Я осёкся, потому что до меня (с большим опозданием) дошло, что это подразумевает. Я всего лишь пересказывал услышанное от Арсибальта, но Трестана наверняка восприняла мои слова как насмешку.
– Возможно, ты считаешь, что нынешние иерархи концента светителя Эдхара плохо исполняют свои обязанности, – с ледяным спокойствием произнесла она. – Может быть, Делрахонеса, или Стато, или меня следует заменить?
– У меня и в мыслях такого не было! – крикнул я и прикусил язык, чтобы не добавить: «до последней минуты».
– Тогда зачем все эти тайные сношения с инквизиторами? Ты единственный из не-иерархов, кто вообще с ними говорил, и теперь уже дважды – оба раза в исключительно приватной обстановке.
– Это бред, – сказал я. – Это бред.
– Решаются куда более серьёзные вещи, чем можно понять в твоём возрасте. Твоя наивность – вкупе с нежеланием её признать – ставит под удар нас всех. Я сажаю тебя за Книгу.
– Что?!
Я не верил своим ушам.
– Главы с первой по… э… пятую.
– Вы шутите.
– Думаю, ты знаешь, что делать. – Она посмотрела на собор.
– Отлично. Отлично. Главы с первой по пятую. – Я повернулся к навесу.
– Стой, – сказала Трестана.
Я замер.
– Собор там, – произнесла она с ноткой иронии. – Ты идёшь не в ту сторону.

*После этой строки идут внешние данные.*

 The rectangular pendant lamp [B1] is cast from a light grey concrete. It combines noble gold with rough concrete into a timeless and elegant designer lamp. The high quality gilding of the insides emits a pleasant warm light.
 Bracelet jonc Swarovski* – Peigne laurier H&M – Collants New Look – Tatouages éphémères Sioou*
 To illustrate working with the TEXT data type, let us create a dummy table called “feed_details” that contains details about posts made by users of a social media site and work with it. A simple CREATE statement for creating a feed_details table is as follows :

– Моя сестра и двоюродный брат за столом. Я должен сказать им, что ухожу.
– Собор, – напомнила она, – в той стороне.
– Я не выучу до рассвета пять глав. Когда я выйду из кельи, ворота уже закроются. Я должен попрощаться с родными.
– Должен? Странный выбор слов. Позволь немного рассказать тебе о семантике, раз уж вы, почитатели Гилеи, так внимательны к подобным вещам. Ты должен идти в собор. Ты хочешь попрощаться с родными. Инаками для того и становятся, чтобы обрести свободу от хотений. Ради твоего же блага я требую сделать выбор прямо сейчас. Если ты так сильно хочешь попрощаться с родными, иди к ним и не останавливайся, пока не окажешься за воротами. Навсегда. А если ты намерен остаться, ты должен идти к собору без промедления.

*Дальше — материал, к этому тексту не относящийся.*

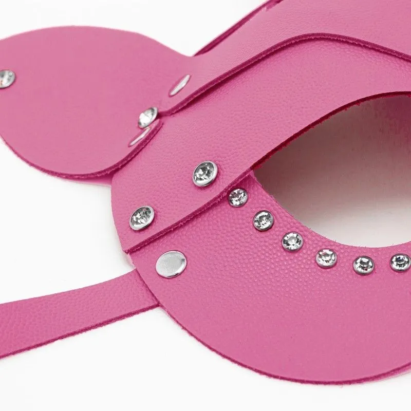 Изящная маска кошки из натуральной кожи розового цвета, украшена стразами. Надевая маску, мы можем дать свободу некоторым своим импульсам, можем их открыть партнёру. В этой маске вы почувствуете себя искусной соблазнительницей, грациозной сексуальной кошечкой и ваш романтический вечер плавно перейдёт в жаркую ночь. Кроме этого, маску можно использовать как карнавальную на различных мероприятиях. При помощи ремешка размер можно регулировать для комфортного ношения.

Я глянул на Лио, думая попросить, чтобы он передал несколько слов Дату и Корд, но Лио стоял чуть поодаль – рассказывал Делрахонесу про драку. Кроме того, я чувствовал, что Трестана этого тоже не позволит, и не хотел доставлять ей ещё и такое удовольствие.
Я повернулся спиной к моему немногочисленному семейству и зашагал в направлении собора.
Часть 3
Элигер
«Скука – маска, в которую рядится бессилие». Где лучше всего чувствуешь правдивость этого высказывания Ороло, если не в штрафной келье инспектората? Какой-то ловкач-архитектор выстроил своего рода увеличительное стекло, только не для света, а для бессилия. В моей келье не было двери. От свободы меня отделяла лишь стрельчатая древнематическая арка, на которой многие поколения узников оставили свои изречения и рисунки. Она открывалась в переход, идущий по внутреннему периметру инспектората. С утра до вечера по нему сновали низшие иерархи. За переходом я видел кусок алтарного свода на высоте двухсот футов от пола, но парапет мешал мне заглянуть вниз, туда, где отмечали провенер. Я слышал пение. Видел, как ползёт цепь, когда моя команда заводит часы, как дёргаются верёвки, когда команда Тулии звонит в колокола. Но я не мог видеть людей.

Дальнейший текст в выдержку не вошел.